Das Mauersberg-Museum verwaltet einen Teil der Nachlässe von Rudolf Mauersberger (Kreuzkantor in Dresden von 1930 bis 1971) und seinem Bruder Erhard Mauersberger (Thomaskantor in Leipzig von 1961 bis 1972). Ein Modell vom winterlichen Mauersberg anno 1926 hat der Kreuzkantor über Jahrzehnte selbst gebastelt. Neben diesem inzwischen legendär gewordenen Weihnachtsberg sind Teile der "Hutzenstube" und der "Pfefferkuchenstube" mit Pyramiden, geschnitzten Figuren, Modellen der Dresdner Kreuzkirche und erzgebirgischen Wehrgangkirchen zu besichtigen. Ebenso bietet die Ausstellung einen Einblick in das kompositorische Werk, das an Ausstrahlung gewinnt.

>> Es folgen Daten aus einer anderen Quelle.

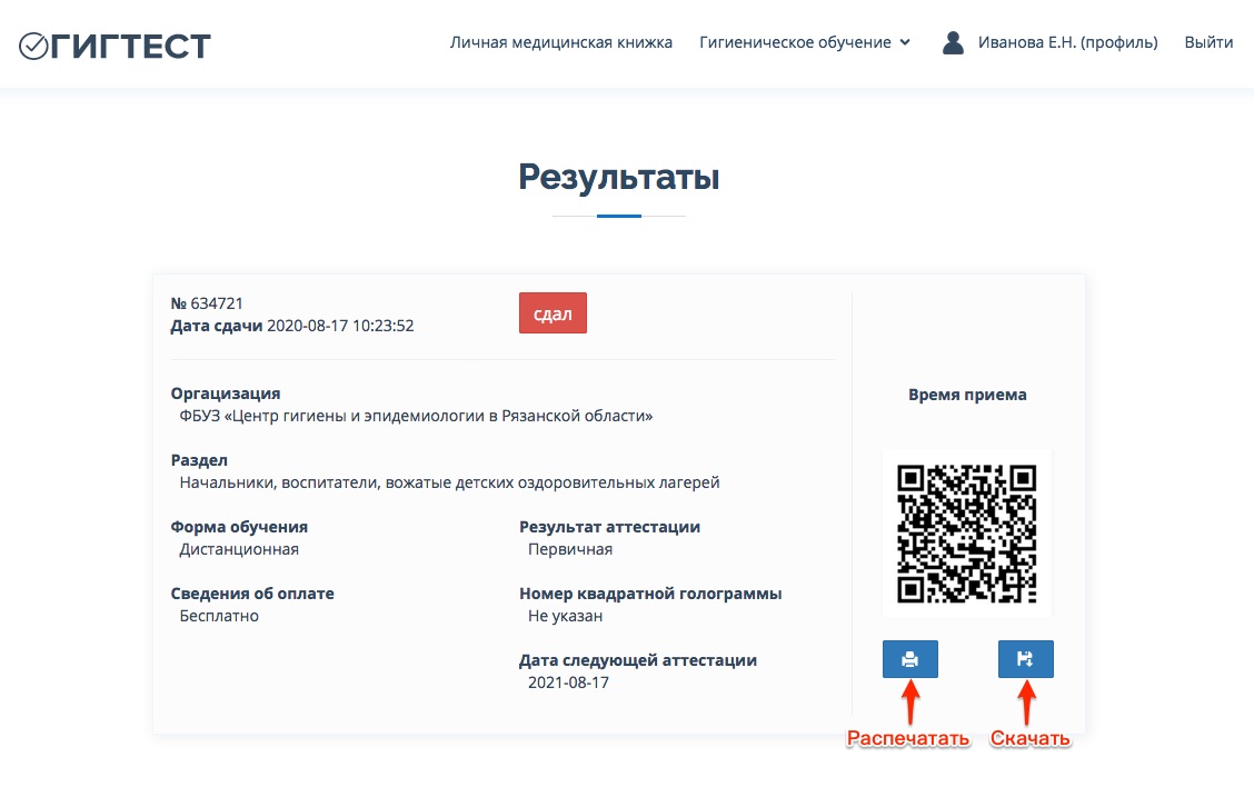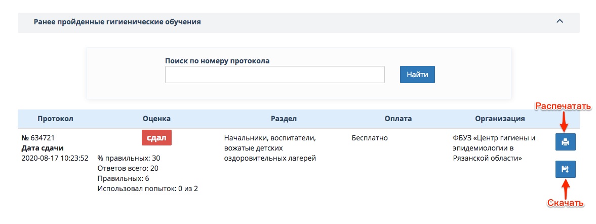 Ответ: Зайдите в раздел «Гигиеническое обучение» -> «Результаты». Здесь можно распечать или скачать протокол на компьютер.

jeweils Mi-So 12-17 Uhr, auch an Feiertagen , außer 24.12. und 31.12.



Die Dorfkirche von Mauersberg finden Sie in der Ortsmitte direkt an der Verbindungsstraße Annaberg - Marienberg. Die kleine Wehrkirche von Mauersberg war so baufällig, daß sie 1889 abgerissen werden mußte. Schon ein Jahr später wurde an gleichen Stelle die neugotische Dorfkirche eingeweiht. Die farbigen und gemalten Butzenscheiben lassen das Innere der Kirche in einem mild gedämpften Licht erscheinen.


Das Preßnitztalmuseum gibt in drei Räumen einen Überblick zur Wirtschafts- und Kulturgeschichte der Preßnitztalregion, deren Orte zu Sachsen und Böhmen gehören. Im Mittelpunkt stehen dabei die Eisengewinnung und Eisenverarbeitung in den Hammerwerken, das Bauhandwerk, die Pappenindustrie, Waldwirtschaft und Jagd sowie die alte Preßnitztalbahn von Wolkenstein nach Jöhstadt.
Ein Raum ist der Entwicklung des Kühlgerätebaus und der Typenvielfalt von Kühlschränken gewidmet.
Zum kulturellen Teil gehören Arbeiten der erzgebirgischen Volkskunst (Klöppelspitzen und Holzschnitzereien) und eine Darstellung der Musikgeschichte der Stadt Preßnitz.
Ein großer Heimatberg mit der Ansicht des Dorfes Niederschmiedeberg im 18. Jahrhundert rundet die Ausstellung ab.